Required action: Any picture in the listing is left out of the copy; all else is duplicated exactly.

Information shown:
╔══

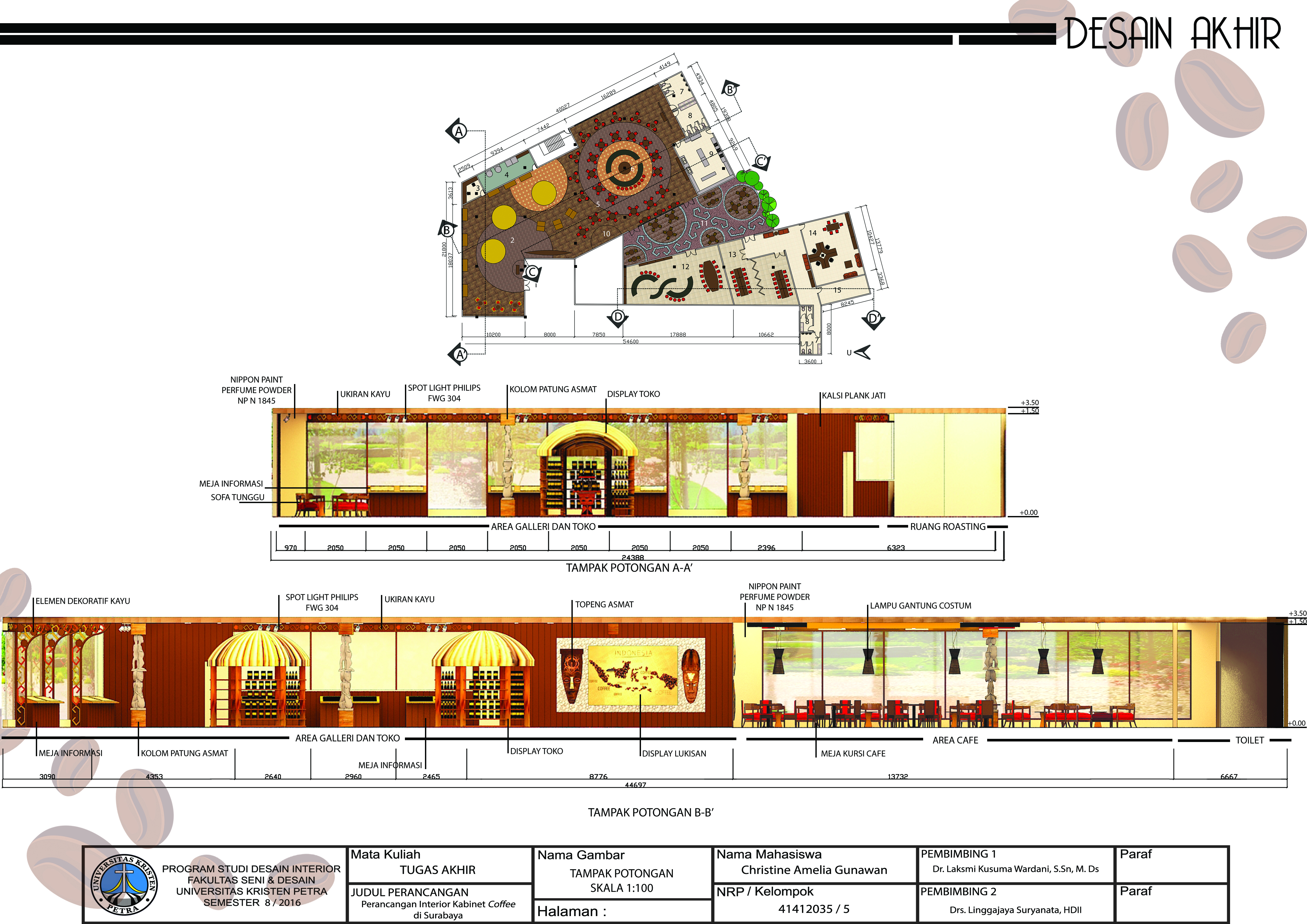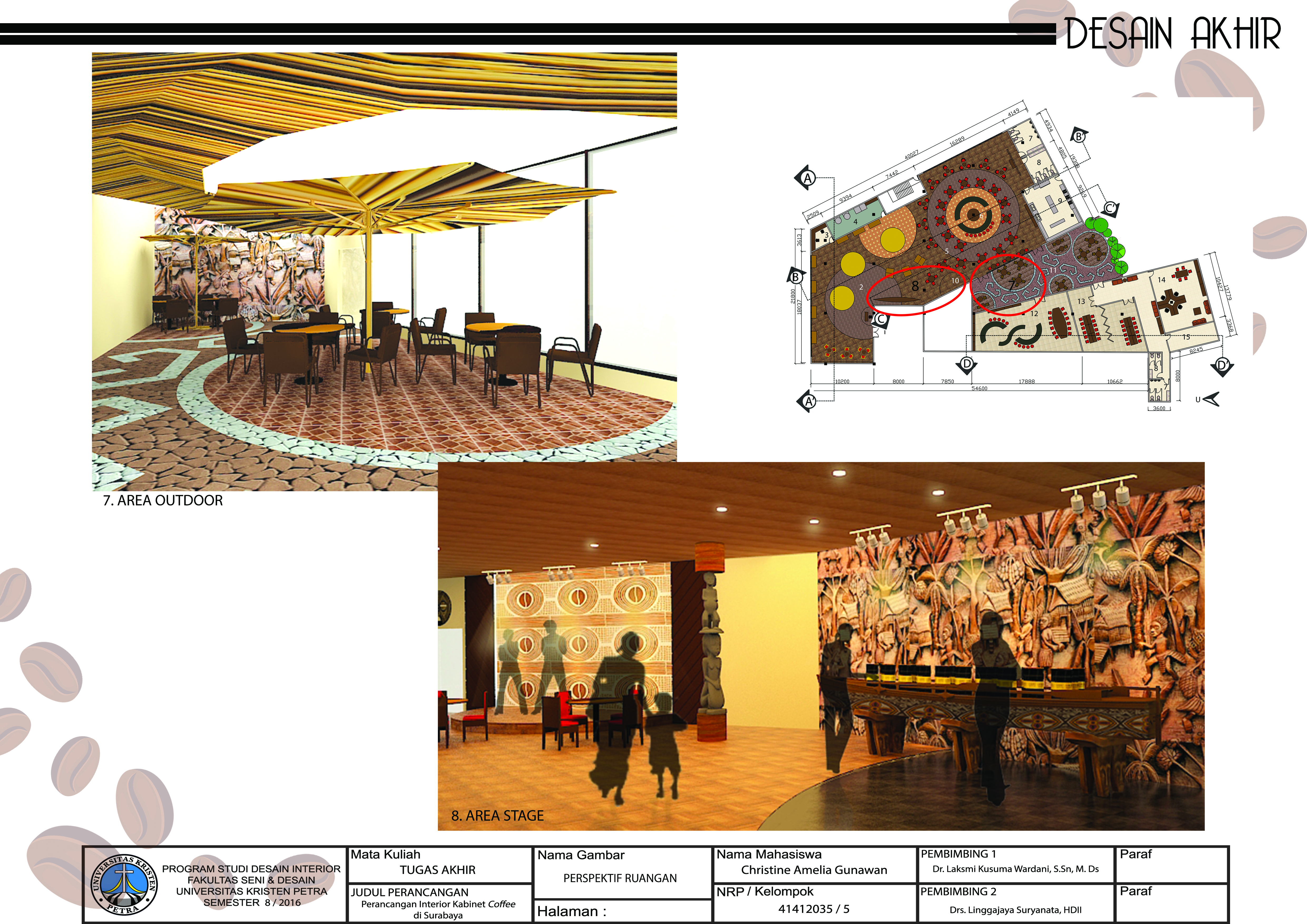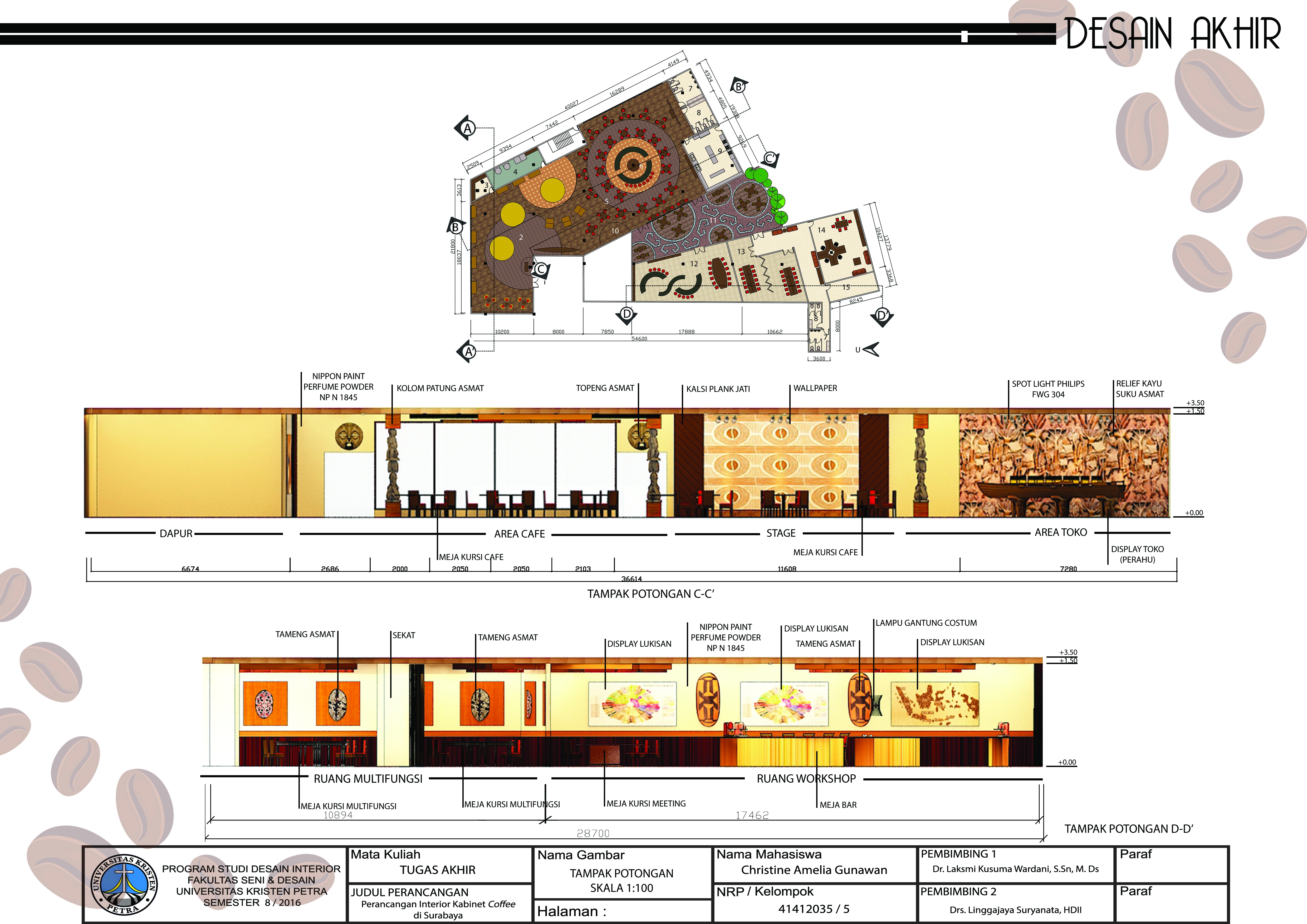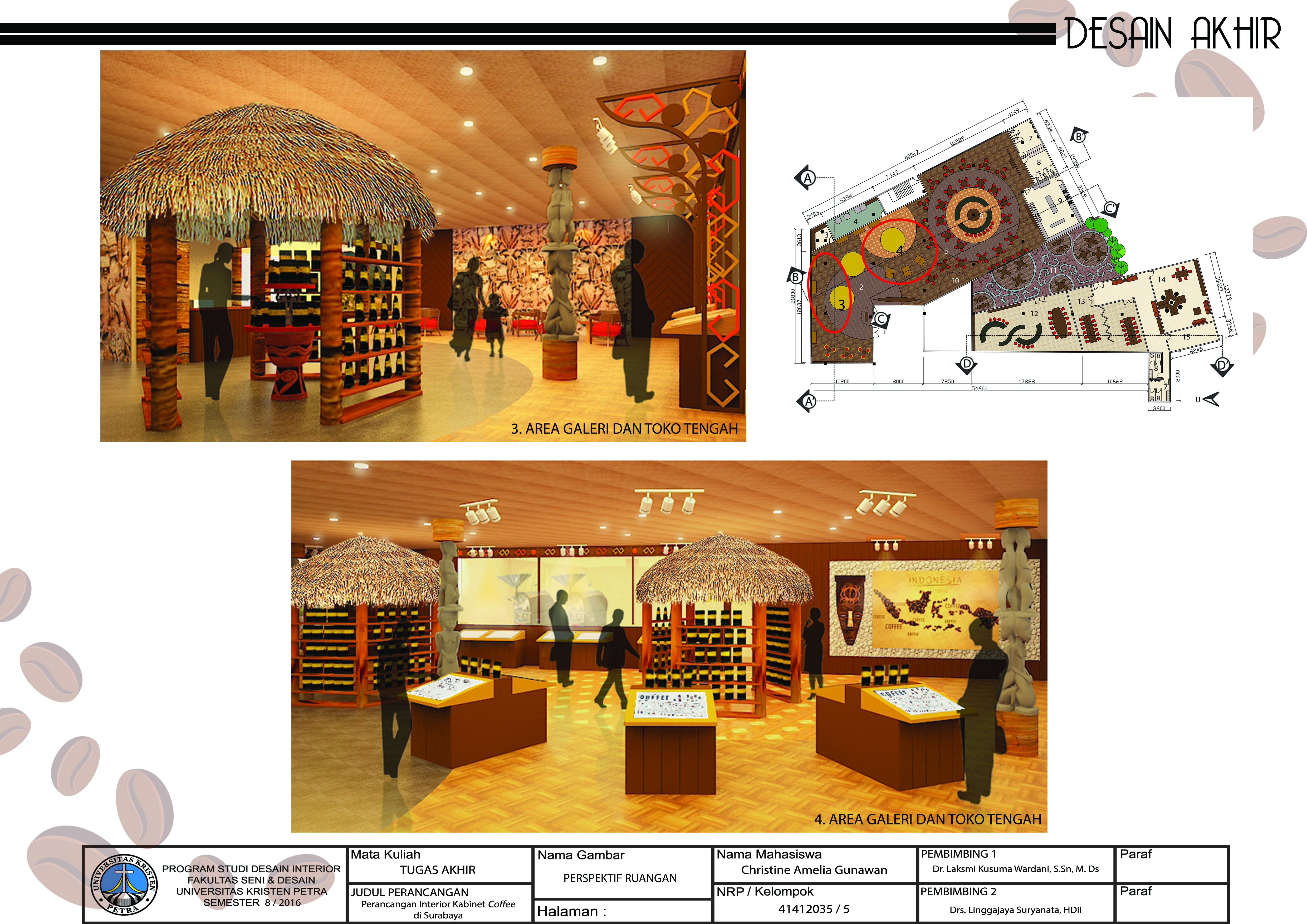 Kabinet Coffee merupakan coffee shop satu-satunya di Surabaya yang menyediakan informasi tentang kopi kepada pengunjungnya, tidak hanya bersifat komersial tetapi dapat menunjukkan beberapa informasi tentang kopi. Perancangan interior Kabinet Coffee ini bertujuan untuk menyediakan coffee center yang menjual minuman kopi dan makanan serta menyediakan fasilitas informasi tentang kopi Indonesia dengan membuka cabang dari Kabinet Coffee yang sudah ada. Fasilitas ruang yang disediakan adalah café, toko, galeri, ruang workshop, dan ruang multifungsi. Perancangan interior Kabinet Coffee ini terinspirasi oleh kopi spesialis dari Kabinet Coffee yaitu kopi Papua Wamena. Konsep yang diambil adalah bertema Papua yang digabungkan dengan unsur kopi. Konsep diterapkan pada elemen interior dengan mengambil elemen dari Suku Asmat yaitu tameng, topeng, patung, rumah adat, dan perahu, serta mengambil warna khas yaitu merah dan coklat. Sedangkan unsur kopi yang diambil adalah bentuk bulat dan warna coklat.
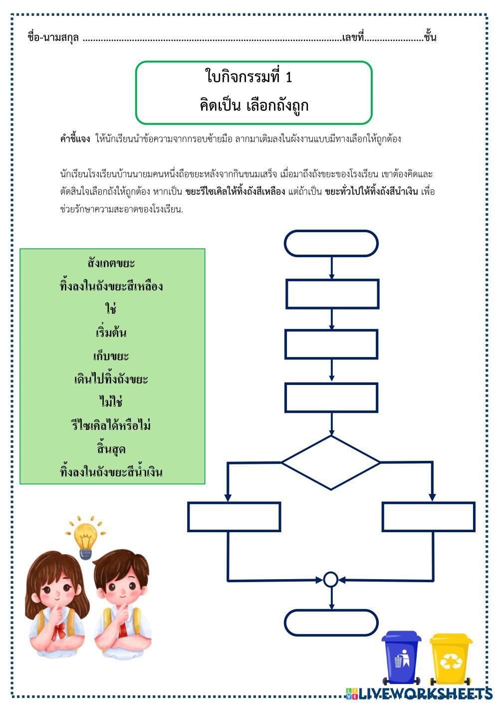 Created byNipon Laithong Ciencias Educación Primaria 5º de Primaria Ciencias Físicas Thai Instrucciones del autor ให้นักเรียนนำข้อความจากกรอบซ้ายมือ ลากมาเติมลงในผังงานแบบมีทางเลือกให้ถูกต้อง My Google Classroom Courses × 0 classes selected (0 students total) Quick Access Select all classes (0 classes) All Classes Loading courses... Cancelar Share Share to selected Course __COURSE_NAME__ __STUDENT_NAME__ (__STUDENT_EMAIL__) ใบงานกิจกรรมที่1 คิดเป็น เลือกถังถูก Descargar Worksheet Validation Comprobar mis respuestas Emails my answers to my teacher Nombre completo Group/level Asignatura Teacher's email or key code Close Submit Validating worksheet... (12) Your answers have been sent to your teacher. Good luck! OK We encountered an error submitting your answers. Please try again. OK Anuncio | Ir sin anuncios Created byNipon Laithong Ciencias Educación Primaria 5º de Primaria Ciencias Físicas Thai Instrucciones del autor ให้นักเรียนนำข้อความจากกรอบซ้ายมือ ลากมาเติมลงในผังงานแบบมีทางเลือกให้ถูกต้อง Explora las hojas de trabajo [6] 6年级设计与工艺——单元1: 妹妹的礼物 Science 5th grade [6] 6年级设计与工艺——单元1: 妹妹的礼物 Physical Science - Science 完成后点击: 1. Finish 2. Email my answers to my teacher 3. 输入Key code: BvdcvVZZAf TALLER DE APLICACIÓN - HISTORIA DE LA INFORMÁTICA Science 5th grade TALLER DE APLICACIÓN - HISTORIA DE LA INFORMÁTICA Physical Science - Science Realiza el siguiente taller Creación de un algoritmo Science 5th grade Creación de un algoritmo Physical Science - Science Coloca las fases de las siguientes acciones en el orden correcto TSP: MASS VS WEIGHT Science 5th grade TSP: MASS VS WEIGHT Physical Science - Science Complete the following worksheet:
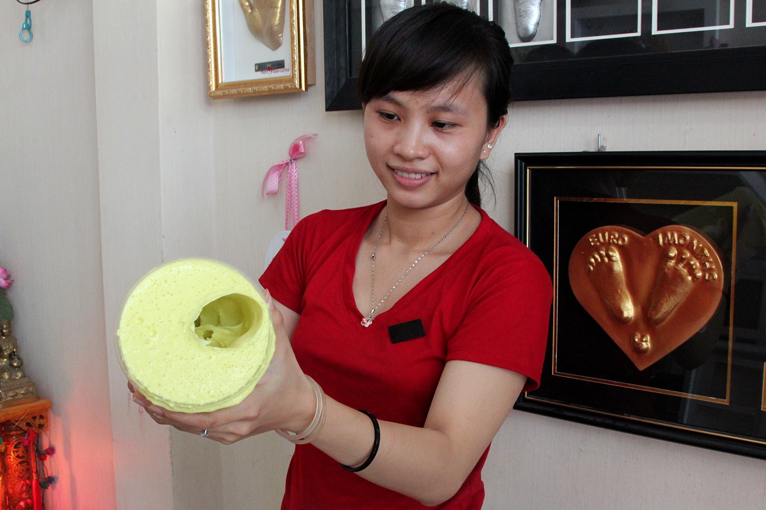 | Một công ty ở Tân Bình, TP.HCM đã đưa dịch vụ đúc khuôn các bộ phận trên cơ thể người về Việt Nam. Dịch vụ độc, lạ có xuất xứ nước ngoài này đã thu hút không ít phụ huynh đến để đúc khuôn các bộ phận trên cơ thể con mình làm khung tranh treo kỷ niệm. |

╚══

Solution:
 Kabinet Coffee merupakan coffee shop satu-satunya di Surabaya yang menyediakan informasi tentang kopi kepada pengunjungnya, tidak hanya bersifat komersial tetapi dapat menunjukkan beberapa informasi tentang kopi. Perancangan interior Kabinet Coffee ini bertujuan untuk menyediakan coffee center yang menjual minuman kopi dan makanan serta menyediakan fasilitas informasi tentang kopi Indonesia dengan membuka cabang dari Kabinet Coffee yang sudah ada. Fasilitas ruang yang disediakan adalah café, toko, galeri, ruang workshop, dan ruang multifungsi. Perancangan interior Kabinet Coffee ini terinspirasi oleh kopi spesialis dari Kabinet Coffee yaitu kopi Papua Wamena. Konsep yang diambil adalah bertema Papua yang digabungkan dengan unsur kopi. Konsep diterapkan pada elemen interior dengan mengambil elemen dari Suku Asmat yaitu tameng, topeng, patung, rumah adat, dan perahu, serta mengambil warna khas yaitu merah dan coklat. Sedangkan unsur kopi yang diambil adalah bentuk bulat dan warna coklat.
 Created byNipon Laithong Ciencias Educación Primaria 5º de Primaria Ciencias Físicas Thai Instrucciones del autor ให้นักเรียนนำข้อความจากกรอบซ้ายมือ ลากมาเติมลงในผังงานแบบมีทางเลือกให้ถูกต้อง My Google Classroom Courses × 0 classes selected (0 students total) Quick Access Select all classes (0 classes) All Classes Loading courses... Cancelar Share Share to selected Course __COURSE_NAME__ __STUDENT_NAME__ (__STUDENT_EMAIL__) ใบงานกิจกรรมที่1 คิดเป็น เลือกถังถูก Descargar Worksheet Validation Comprobar mis respuestas Emails my answers to my teacher Nombre completo Group/level Asignatura Teacher's email or key code Close Submit Validating worksheet... (12) Your answers have been sent to your teacher. Good luck! OK We encountered an error submitting your answers. Please try again. OK Anuncio | Ir sin anuncios Created byNipon Laithong Ciencias Educación Primaria 5º de Primaria Ciencias Físicas Thai Instrucciones del autor ให้นักเรียนนำข้อความจากกรอบซ้ายมือ ลากมาเติมลงในผังงานแบบมีทางเลือกให้ถูกต้อง Explora las hojas de trabajo [6] 6年级设计与工艺——单元1: 妹妹的礼物 Science 5th grade [6] 6年级设计与工艺——单元1: 妹妹的礼物 Physical Science - Science 完成后点击: 1. Finish 2. Email my answers to my teacher 3. 输入Key code: BvdcvVZZAf TALLER DE APLICACIÓN - HISTORIA DE LA INFORMÁTICA Science 5th grade TALLER DE APLICACIÓN - HISTORIA DE LA INFORMÁTICA Physical Science - Science Realiza el siguiente taller Creación de un algoritmo Science 5th grade Creación de un algoritmo Physical Science - Science Coloca las fases de las siguientes acciones en el orden correcto TSP: MASS VS WEIGHT Science 5th grade TSP: MASS VS WEIGHT Physical Science - Science Complete the following worksheet:
 | Một công ty ở Tân Bình, TP.HCM đã đưa dịch vụ đúc khuôn các bộ phận trên cơ thể người về Việt Nam. Dịch vụ độc, lạ có xuất xứ nước ngoài này đã thu hút không ít phụ huynh đến để đúc khuôn các bộ phận trên cơ thể con mình làm khung tranh treo kỷ niệm. |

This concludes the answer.